Plasma norepinephrine (NE) levels of a patient with a pathogenic germline SDHB mutation diagnosed with a retroperitoneal paraganglioma, who progressed with metastases and underwent multiple lines of treatment over the course of her disease. NE levels are tracked closely with the tumor burden and symptoms. Bone metastases were detected two years post-surgery. The patient received CVD followed by sunitinib, with the initial control of disease, however, both therapies were eventually discontinued (DC) due to adverse side effects. After disease progression, new attempts were made with sunitinib and CVD, although once again drugs were poorly tolerated. One dose of octreotide depot was given to attempt symptomatic control of the disease. Next, the patient was enrolled in the Phase 1 clinical trial for a HIF2α inhibitor (PT-2977/ MK6484, NCT02974738). The patient had clinical, biochemical, cellular, and molecular responses mainly demonstrated by a decrease in NE, development of anemia, a common on-target effect of HIF2 inhibition, and reduced expression of HIF2α target genes (not shown) and remained stable for 8 months. Despite this improvement, the disease progressed, and the HIF2α inhibitor was discontinued. The patient initiated a trial with CTLA-4 and PD-1 inhibitors (NCT02834013) but only tolerated one cycle. Disease progressed rapidly and the patient died a few months later. This case illustrates two critical timepoints during disease evolution that remain gaps in the field: determining the basis for the rapid increase in disease burden and emergence of resistance to targeted therapy could inform treatment choices in patients with metastatic pheochromocytoma and/or paraganglioma.

3. Detecting and Interpreting Variants: Protocols and Challenges

Patients with PPGLs should be engaged in genetic testing [1,35]. The relevance of genetic diagnosis is demonstrated by its positive impact on patient outcomes [46]. Next-generation sequencing (NGS) technology has emerged as a valuable tool capable of simultaneously evaluating multiple susceptibility genes in the same assay [47]. This methodology significantly improves the performance of PPGLs genetic testing compared with conventional methods, increasing the rate of variant identification [10,16]. At the same time, this approach leads to the detection of rare and novel variants, and the task of defining their pathogenicity becomes a relevant challenge [47].

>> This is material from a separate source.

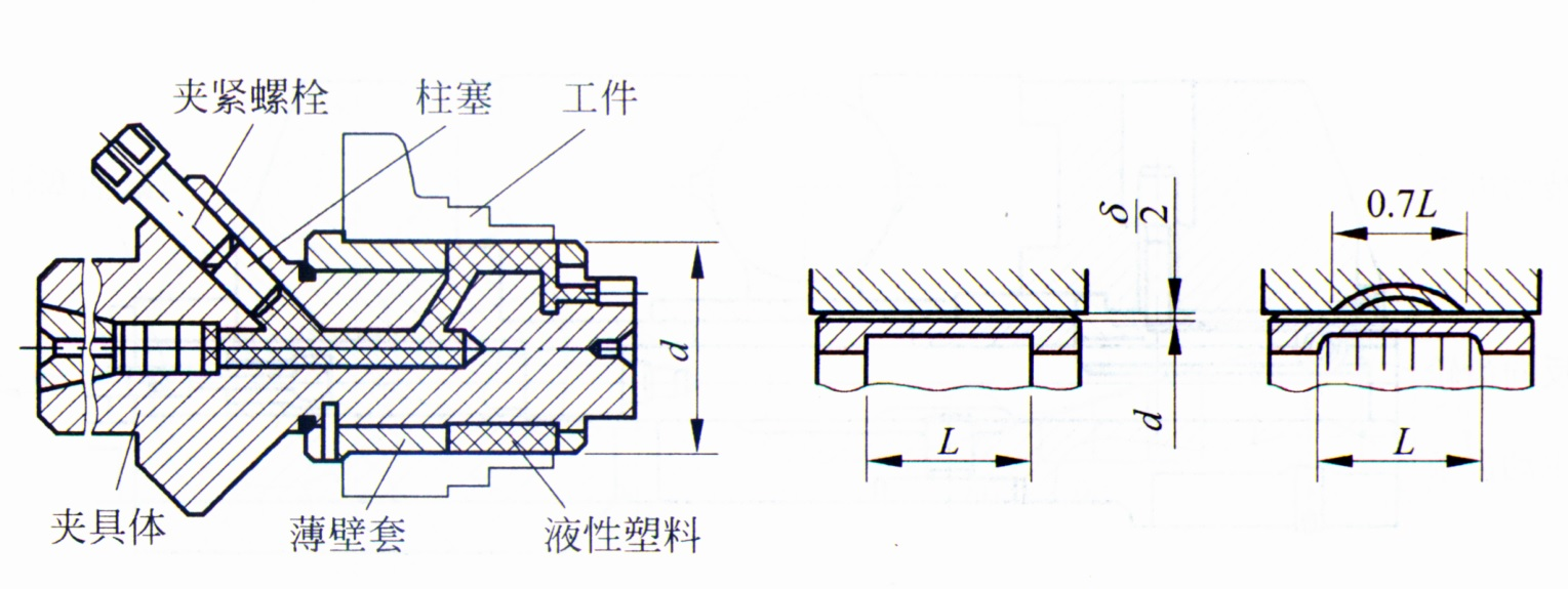 在液性塑料心轴上,工件以内孔为主要定位基准,套在薄壁套上,薄壁套的两端与夹具采取过盈配合,二者之间形成的环槽内注满液性塑料,作为传力介质。拧动螺钉,滑柱对介质产生压力,迫使薄壁套均匀变形,对工件定心夹紧。

According to the ACMG Standards and Guidelines [48], several lines of evidence are needed to support the classification of a variant as pathogenic or likely pathogenic. Variant classification requires careful interpretation of a combination of information including (a) the type of variant, (b) the frequency of the variant, (c) the occurrence of the variant in clinically-related databases, (d) literature citations of the variant, (e) functional evaluation of the variant, (f) in silico predictions of variant effect, (g) analysis of co-segregation of disease in the family, (h) concordance with phenotype, and (i) co-occurrence of pathogenic variants [47]. The latter is an increasingly likely scenario observed in NGS-based studies, which adds to the complexity of interpreting variant relevance [49]; however, this subject will not be discussed in this brief review. Not uncommonly, very strong evidence (a null variant in a gene where the loss of function is an established disease mechanism) and strong evidence (functional studies support a damaging effect; higher prevalence of variant in affected individuals vs. controls, etc.) that would support pathogenicity is not available. This is especially true for rare, genetically heterogeneous diseases, such as PPGLs which can arise due to a germline, somatic or mosaic variant in one of many susceptibility genes. As a result, a substantial number of variants, especially missense substitutions, identified in PPGL susceptibility genes are currently classified as variants of uncertain significance (VUS) pending additional support for pathogenicity [10,16]. Functional studies are recommended to assess the pathogenicity of variants, which may be resource-intensive [18,22,47].

4. A Workflow to Identify a Driver Mutation in PPGLs

Multiple strategies have been employed for the genetic diagnosis of PPGLs. Our group adopted a flexible workflow (NCT03160274) depicted in Figure 3A. This process involves parallel testing of blood and tumor tissue, either fresh frozen or as formalin-fixed, paraffin-embedded material (Figure 3B). While this protocol includes both germline and tumor samples for DNA-based screening whenever possible, it prioritizes tumor tissue processing. This approach allows for improved data interpretation [50], by enabling the detection of somatic events or suspected areas of copy number variation, including loss of heterozygosity.

Figure 3

(A) A proposed workflow to identify driver mutations in pheochromocytoma and/or paragangliomas (PPGLs). The process is modified based on the type of sample available for analysis and initial clinical information. The ultimate goal is to establish a germline or somatic genetic diagnosis. In some cases, extensive experimentation may be necessary, as shown by directional lines. A definitive, unambiguous diagnosis may not be achieved in all cases (dashed line), and additional research is required. Limitations may include samples with only germline material available, without family history/or samples from informative relatives, and no clear candidate variant. * areas with lower coverage are supplemented by Sanger sequencing; NGS = next-generation sequencing; WES = whole exome sequencing; WGS = whole genome sequencing (B) Materials used for analysis; FFPE = formalin-fixed, paraffin-embedded; * cell culture compatible media.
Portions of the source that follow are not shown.